According to the article, large, low-cost capital pools from superannuation and sovereign wealth funds are able to pursue deals, and a Macquarie-led consortium’s conditional offer for Charter Hall Office REIT shows how these investors can anchor takeovers and push sector consolidation.

The article notes that in a takeover the fund manager still receives fees, but the value of the REIT units tends to be aligned more closely to the net tangible value (NTA) of the assets and is less affected by sharemarket volatility.

Analysts in the article say share buybacks are likely to continue to dominate near-term activity, but mergers and acquisitions are expected to return to the spotlight as buyers target REITs trading at meaningful discounts to NTA.

JPMorgan’s property analysts mentioned REITs trading at substantial discounts to NTA such as Australand, Mirvac, Westfield Retail Trust and Stockland, and the article also cites recent bids for ING Industrial Fund and Charter Hall Office REIT as precedent.

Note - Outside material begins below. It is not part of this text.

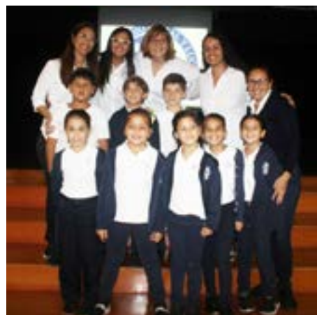
Los alumnos ganadores junto a sus profesoras

Felicitaciones a todos los alumnos por la dedicación y el empeño puestos en cada actividad realizada, y al equipo docente por motivar a los niños para la obtención exitosa de esta meta.

The article states the consortium made a $1.2 billion conditional offer for Charter Hall Office REIT, that Charter Hall Group would keep its manager role and its direct 13.3% stake, and that the remainder of the register would be held by superannuation and sovereign funds while independent directors review the proposal.

The article suggests more unlisted and wholesale property trusts could be created, often anchored by a listed parent and private investors — examples given include GPT Group’s wholesale office and retail funds and Macquarie’s focus on direct unlisted real estate trusts.

The article highlights analysts’ view that REITs trading at discounts of more than about 20% to net tangible assets (NTA) are more likely to attract merger and takeover interest, so investors should monitor listed-price-to-NTA discounts.